Sujet : Re: else ladders practice
De : david.brown (at) *nospam* hesbynett.no (David Brown)
Groupes : comp.lang.cDate : 22. Nov 2024, 16:21:55
Autres entêtes
Organisation : A noiseless patient Spider
Message-ID : <vhq7ik$17oi0$1@dont-email.me>
References : 1 2 3 4 5 6 7 8 9 10 11 12 13 14 15 16
User-Agent : Mozilla/5.0 (X11; Linux x86_64; rv:102.0) Gecko/20100101 Thunderbird/102.11.0
On 22/11/2024 15:19, Michael S wrote:
On Fri, 22 Nov 2024 12:33:29 -0000 (UTC)
antispam@fricas.org (Waldek Hebisch) wrote:
Bart <bc@freeuk.com> wrote:
>
Sure. That's when you run a production build. I can even do that
myself on some programs (the ones where my C transpiler still
works) and pass it through gcc-O3. Then it might run 30% faster.
>
On fast machine running Dhrystone 2.2a I get:
>
tcc-0.9.28rc 20000000
gcc-12.2 -O 64184852
gcc-12.2 -O2 83194672
clang-14 -O 83194672
clang-14 -O2 85763288
>
so with 02 this is more than 4 times faster. Dhrystone correlated
resonably with runtime of tight compute-intensive programs.

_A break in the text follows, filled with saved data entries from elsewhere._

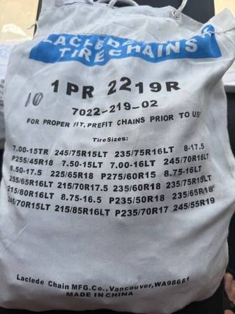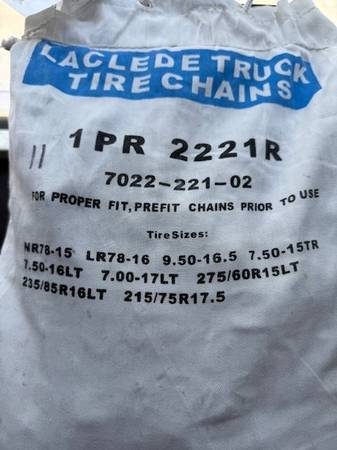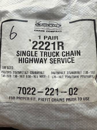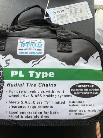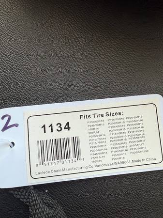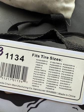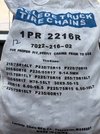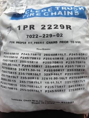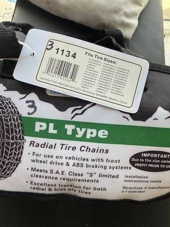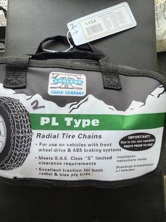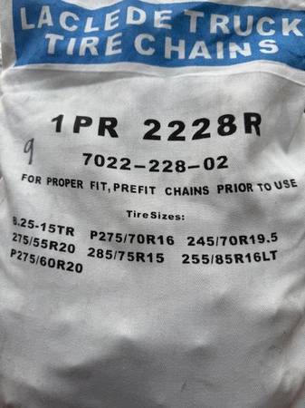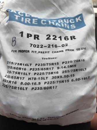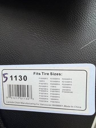 I have several sets of new snow chains. Sizes are listed on each bag in the photos. Tire sizes are listed on each bag; I don't know sizes so do your homework and let me know which number you want (in sharpie on the top left of the bag). Many different sizes in brand new, unopened bags. You are responsible for accurate tire size and fit.
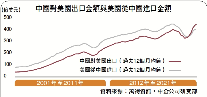 需要注意的是,中美統計口徑有差異。根據中國的統計數據,對美出口已經超過了疫情之前,可能有多個原因導致中美統計口徑出現差異:1)中美對進、出口價值的統計口徑不同;2)對轉口貿易的統計存在誤差;3)統計時點不同帶來差異;4)其他因素,包括匯率結算時點不同,細分行業口徑不一樣等。中美貿易摩擦後,尤其是疫情後,兩者差異縮小,甚至逆轉,導致中國對美國出口創新高,而美國從中國進口則仍然低於中美貿易摩擦前。疫情期間,海運費用上升、通過香港特區的再出口下降、運輸時間變長等因素可以部分解釋近期統計差異的變化,但另一個可能的原因是美國進口商為了規避關稅低報了自中國進口的價值。
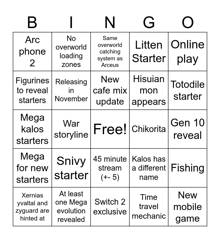 This bingo card has a free space and 24 words: Snivy starter, At least one Mega evolution revealed, New cafe mix update, Xernias yvaltal and zyguard are hinted at, Online play, Arc phone 2, Figurines to reveal starters, No overworld loading zones, Chikorita, 45 minute stream (+- 5), Hisuian mon appears, Mega kalos starters, Kalos has a different name, Fishing, Releasing in November, Time travel mechanic, Gen 10 reveal, Same overworld catching system as Arceus, Totodile starter, War storyline, New mobile game, Mega for new starters, Litten Starter and Switch 2 exclusive.
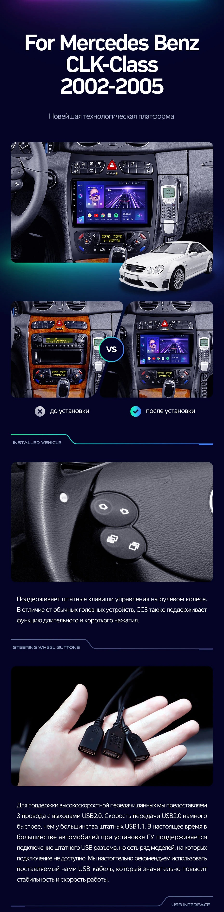 Штатная магнитола Teyes CC3 4/32 Mercedes-Benz CLK-Class C209 A209 (2002-2005) F2 - купить всего за 34 170 руб. в интернет-магазине в Орле Teyes.com.ru. ✓ Самый лучший выбор мультимедиа ✓ Лучшая замена штатному ГУ ✓ Тел. +7 (800) 775-31-74
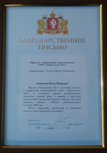 ООО «ЛСР. Строительство-Урал» награждена благодарственным письмом губернатора Свердловской области.

Compiler started to cheat on original Dhrystone, so there are
bigger benchmarks like SPEC INT. But Dhrystone 2 has modifications
to make cheating harder, so I think it is still reasonable
benchmark. Actually, difference may be much bigger, for example
in image processing both clang and gcc can use vector intructions,
with may give additional speedup of order 8-16.
>
30% above means that you are much better than tcc or your program
is badly behaving (I have programs that make intensive use of
memory, here effect of optimization would be smaller, but still
of order 2).
>
gcc -O is not what Bart was talking about. It is quite similar to -O1.
"Similar" in this particular case being a synonym for "identical" :-)
Try gcc -O0.
With regard to speedup, I had run only one or two benchmarks with tcc
and my results were close to those of Bart. gcc -O0 very similar to tcc
in speed of the exe, but compiles several times slower. gcc -O2 exe
about 2.5 times faster.
(Note that "gcc -O0" is still a vastly more powerful compiler than tcc in many ways.)
I'd guess, I can construct a case, where gcc successfully vectorized
some floating-point loop calculation and showed 10x speed up vs tcc on
modern Zen5 hardware. But that's would not be typical.
The effect you get from optimisation depends very much on the code in question, the exact compiler flags, and also on the processor you are using.
Fairly obviously, if your code spends a lot of time in system calls, waiting for external events (files, networks, etc.), or calling code in other separately compiled libraries, then optimisation of your code will make almost no difference. Something that does a lot of calculations and data manipulation, on the other hand, can be much faster. Even then, however, it depends on what you are doing.
Beyond simple "-O3" flags, things like "-march=native" and "-ffast-math" (if you have floating point calculations, and you are sure this does not affect the correctness of the code!) can make a huge difference by allowing more re-arrangements, vector/SIMD processing, using more instructions on newer processors, and having a more accurate model of scheduling.
And the type of processor is also very important. x86 processors are tuned to running crappy code, since a lot of the time they are used to run old binaries made by old tools, or binaries made by people who don't know how to use their tools well. So they have features like extremely local data caches to hide the cost of using the stack for local variables instead of registers. And often it doesn't matter if you do one instruction or a dozen instructions, because you are waiting for memory anyway. If you are looking at microcontrollers, on the other hand, optimisation can make a huge difference for a lot of real-world code.
There is also another substantial difference in code efficiency that is missed out in these sorts of pretend benchmarks. When efficiency really matters, top-shelf compilers give you features and extensions to help. You can use intrinsics, or vector extensions, or pragmas, or attributes, or "builtins", to give the compiler more information and work with it to give more opportunities for optimisation. Many of these are not portable (or of limited portability), and getting top speed from your code is not an easy job, but you certainly have possibilities with a tool like gcc or clang that you can never have with tcc or other tiny compilers.